__The problem__
Look through the listing below for the line containing "Toldo bimini - Plataforma". Copy it and each line after it up to and including the line containing "Découvrez le charme", exactly, leaving out pictures.

==== Entries shown ====

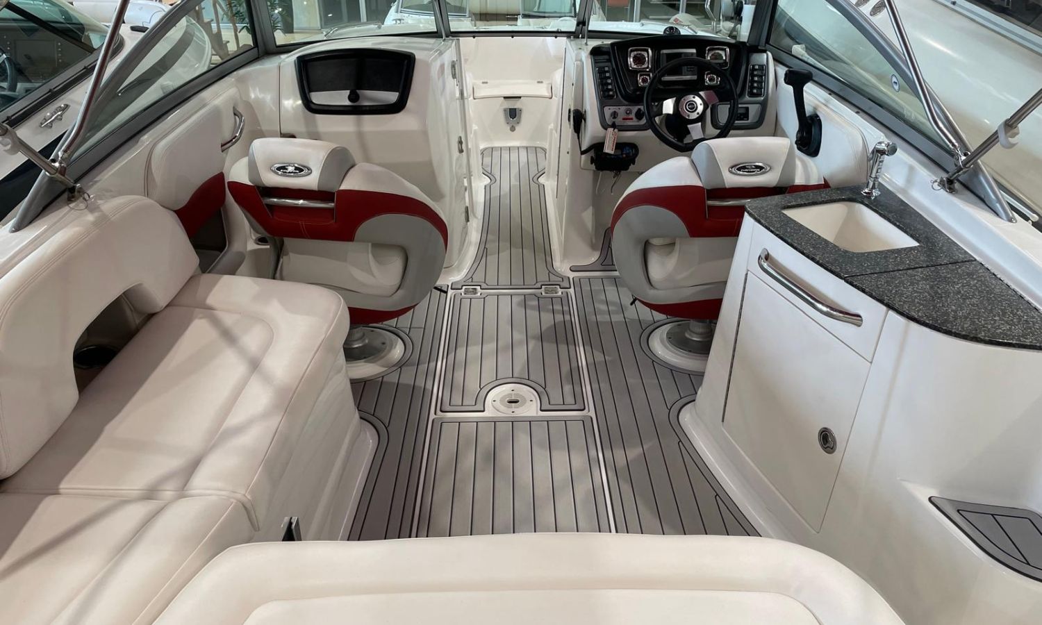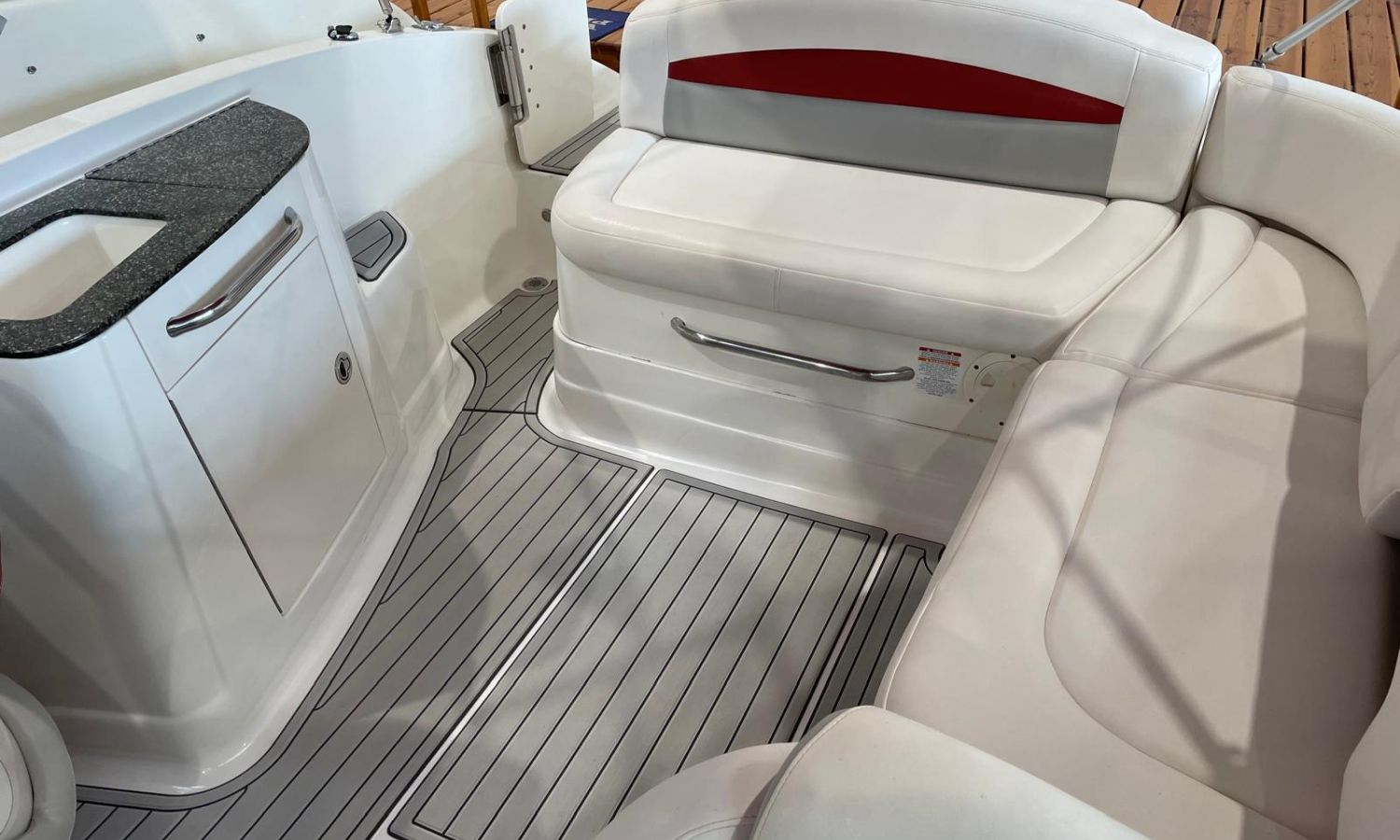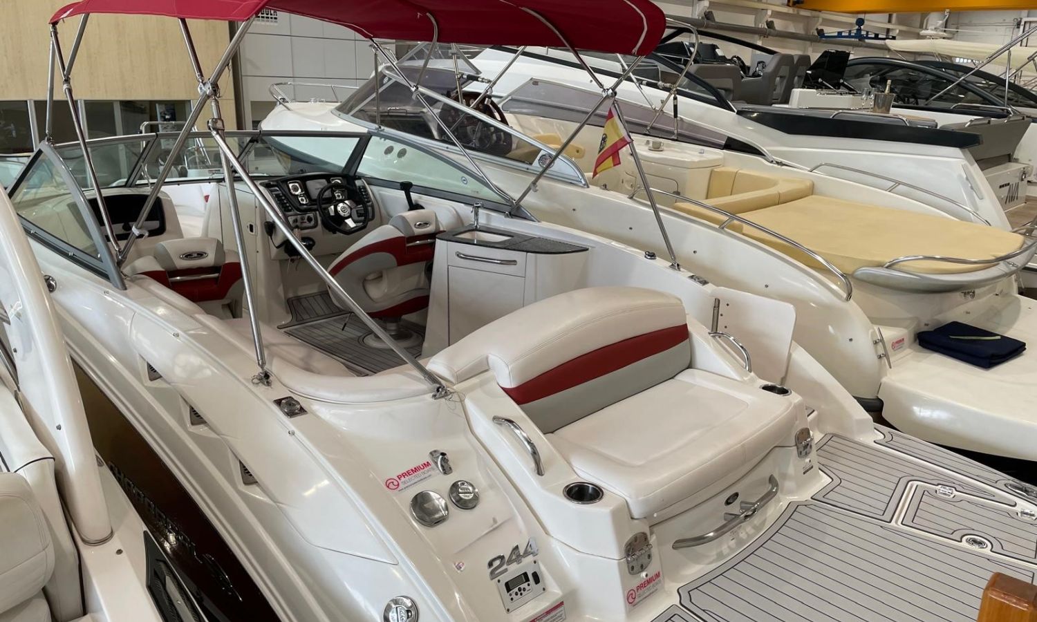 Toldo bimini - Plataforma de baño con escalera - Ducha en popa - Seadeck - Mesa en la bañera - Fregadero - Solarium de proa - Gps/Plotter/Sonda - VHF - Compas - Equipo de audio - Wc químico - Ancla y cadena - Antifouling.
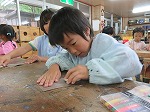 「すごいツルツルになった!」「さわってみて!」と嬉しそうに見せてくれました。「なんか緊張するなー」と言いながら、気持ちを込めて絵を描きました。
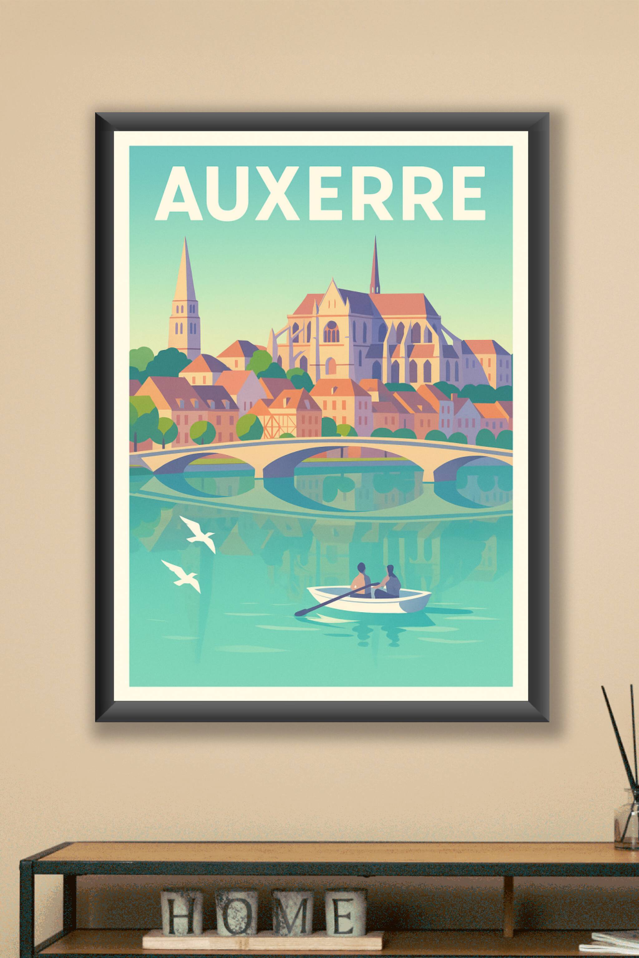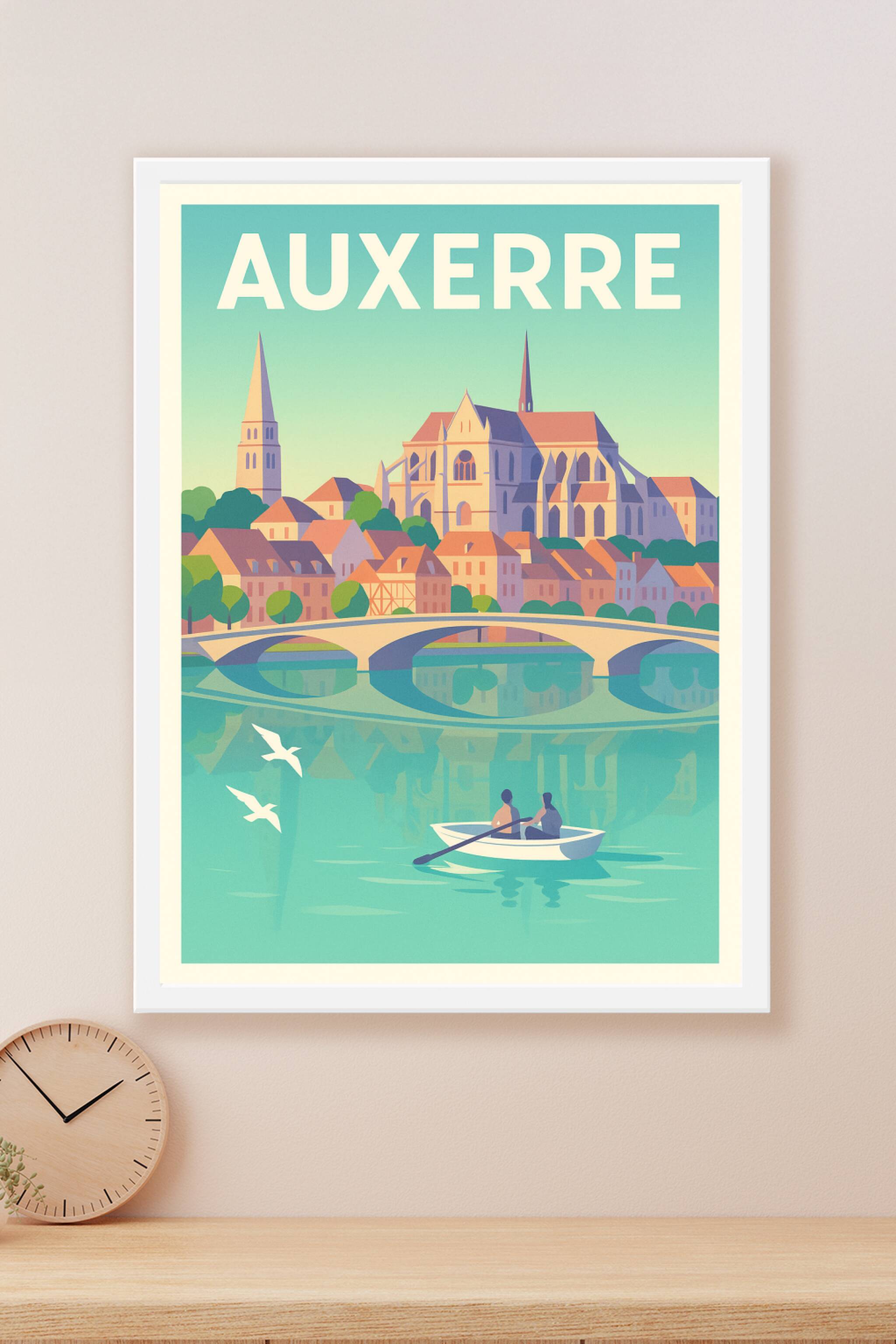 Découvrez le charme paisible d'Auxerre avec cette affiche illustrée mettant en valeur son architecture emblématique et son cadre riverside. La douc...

====
==== Entries shown ====

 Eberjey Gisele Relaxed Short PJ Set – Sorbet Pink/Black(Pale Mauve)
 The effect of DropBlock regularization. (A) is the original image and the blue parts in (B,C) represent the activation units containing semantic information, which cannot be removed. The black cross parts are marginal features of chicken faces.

====

__The completed task__
 Toldo bimini - Plataforma de baño con escalera - Ducha en popa - Seadeck - Mesa en la bañera - Fregadero - Solarium de proa - Gps/Plotter/Sonda - VHF - Compas - Equipo de audio - Wc químico - Ancla y cadena - Antifouling.
 「すごいツルツルになった!」「さわってみて!」と嬉しそうに見せてくれました。「なんか緊張するなー」と言いながら、気持ちを込めて絵を描きました。
 Découvrez le charme paisible d'Auxerre avec cette affiche illustrée mettant en valeur son architecture emblématique et son cadre riverside. La douc...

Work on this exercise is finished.